But before that, those who are new to programming..


You will be using lambda functions or sometimes called anonymous functions to pass through these Spark transformations. So you should have basic understanding of lambda functions.


In short, lambda functions are convenient way to write a function when you have to use functions just in one place. For example, if you want to double the number you can simply write; x => x + x like you do in Python and other languages. Syntax in Scala would be like this,


scala> val lfunc = (x:Int) => x + x

lfunc: Int => Int = <function1> // This tells that function takes integer and returns integer

scala> lfunc(3)

res0: Int = 6



Sample Data


I will be using "Where is the Mount Everest?" text data. I just picked some random data to go through these examples.


Where is Mount Everest? (MountEverest.txt)

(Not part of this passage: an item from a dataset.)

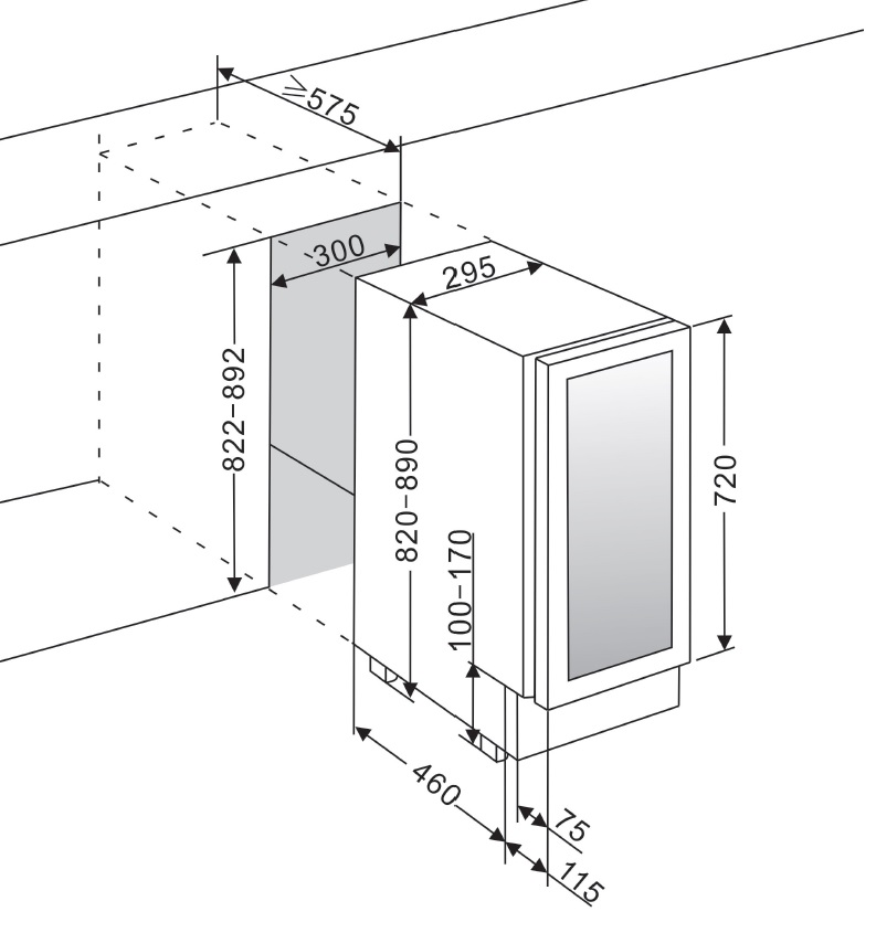 mQuvée Inbyggbar vinkyl - WineCave 30D Powder White (B: 29,5 x H: 82/89 x D: 57 cm)
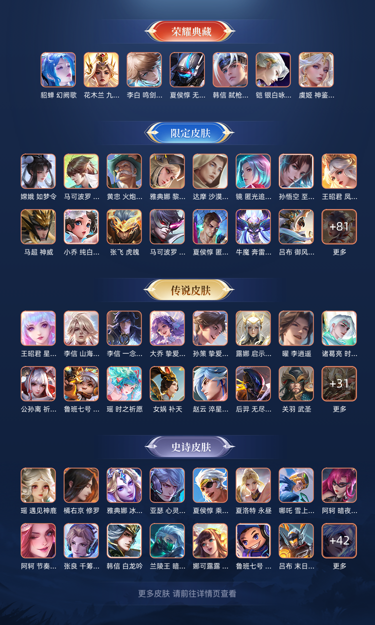V10不禁言580皮❤火舞花合斗❤满5无双李白韩信瑶❤8典藏6星❤心动手记龙年限定❤

Mount Everest (Nepali: Sagarmatha सगरमाथा; Tibetan: Chomolungma ཇོ་མོ་གླང་མ; Chinese Zhumulangma 珠穆朗玛) is Earth's highest mountain above sea level, located in the Mahalangur Himal sub-range of the Himalayas. The international border between Nepal (Province No. 1) and China (Tibet Autonomous Region) runs across its summit point. - Reference Wikipedia


scala> val mountEverest = sc.textFile("/testdata/MountEverest.txt")

mountEverest: org.apache.spark.rdd.RDD[String] = /testdata/MountEverest.txt MapPartitionsRDD[1] at textFile at <console>:24


Spark Transformations


I encourage you all to run these examples on Spark-shell side-by-side. Don't just read through them. Type them on your keyboard it will help you learn.


map(func)

This transformation redistributes the data after passing each element through func.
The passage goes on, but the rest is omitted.